El director Enrique Bátiz, ayer, en Granada.
Juan José Ruiz Molinero

29 de junio 2010 - 05:00

La presencia sinfónica iberoamericana la cierra hoy la Orquesta del Estado de México, fundamentalmente, con dos autores, el mexicano Carlos Chávez y el brasileño Héitor Villalobos, que, junto con Alberto Ginastera -cuyos fragmentos de las danzas del ballet Estancias, en principio programado para hoy por la orquesta mexicana, los ofreció la Sinfónica de la Juventud Venezolana en el concierto inaugural del viernes- son nombres claves para comprender las raíces que sostienen la música culta y popular del continente latinoamericano. Quedan, todavía, en orquestas españolas, como la Filarmónica de Gran Canaria y la Sinfónica de Galicia, más ejemplos de Ginastera y hasta zarzuelas de los dos lados del Atlántico, La Tempranica, del sevillano Gerónimo Jiménez y Cecilia Valdés, del cubano Gonzalo Roig, en versión de concierto, naturalmente.
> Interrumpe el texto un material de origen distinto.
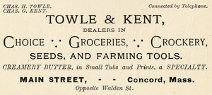 “Towle & Kent Advertisement,” William Munroe Special Collections at the Concord Free Public Library, accessed January 25, 2026, https://mail.sc.concordlibrary.org/items/show/4980.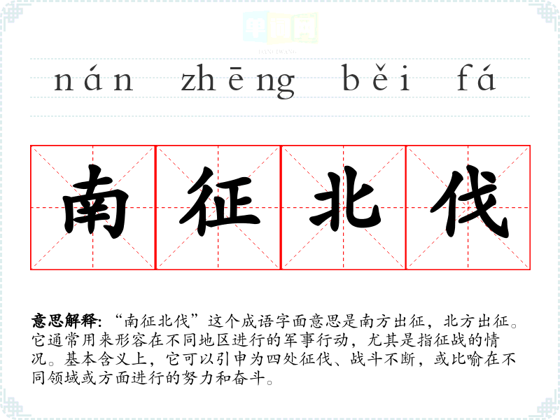 “南征北伐”这个成语字面意思是南方出征,北方出征。它通常用来形容在不同地区进行的军事行动,尤其是指征战的情况。基本含义上,它可以引申为四处征伐、战斗不断,或比喻在不同领域或方面进行的努力和奋斗。

El programa, bajo la denominación Indias sinfónicas, es un retablo de lo que ha significado y significa -hoy mismo, con autores actuales como Roberto Sierra y Arturo Márquez- la música culta Iberoamericana, desde el ángulo sinfónico que el conjunto abarca. Difícil es resumir aquí el segundo programa, donde se alternan, como continuación, la mexicanidad mencionada en anterior comentario -entre ellos la comentada obra de Revueltas, del que se incluye su poema Sensemayá, sobre versos de Nicolás Guillén-, con las restantes fuentes creadoras de la América latina.

Sin el orden establecido, destacaré la originalidad de otro de los grandes bebedores sinfónicos del folclore azteca: Carlos Antonio de Padua Chávez y Ramírez, (1889-1978) seguidor del 'padre' del nacionalismo musical de su país. Las dimensiones creadoras de Carlos Chávez son inmensas. Considerado entre las tres cumbres musicales latinoamericanas, junto con Villa-Lobos y Ginastera, su obra fue evolucionando, forjada en su sólida preparación técnica y en una búsqueda de nuevos elementos que enriquecieran sus concepciones impresionistas, pero también muy cercanas a las raíces nacionalistas. Su estilo sinfónico es complejo, alejado de simplismos y concesiones retóricas fáciles, en una búsqueda de la geometría musical -presente incluso en la denominación de muchas de sus creaciones-, sobre el melodismo. La hábil y personal utilización de los elementos acústicos logra en sus partituras un colorido inconfundible y, a veces, sorprendente. Hasta tal punto que, entre su vastísima obra, que abarca todos los géneros, hay que incluir una Toccata para percusión (1943), y, naturalmente, referirnos a sus sinfonías, Cantos de México, Obertura republicana, ballets como El fuego nuevo o Los cuatro soles; obras corales de grandes dimensiones como Tierra Mojada, El sol, La paloma azul; música de cámara, conciertos para diversos instrumentos, entre tantos títulos importantes.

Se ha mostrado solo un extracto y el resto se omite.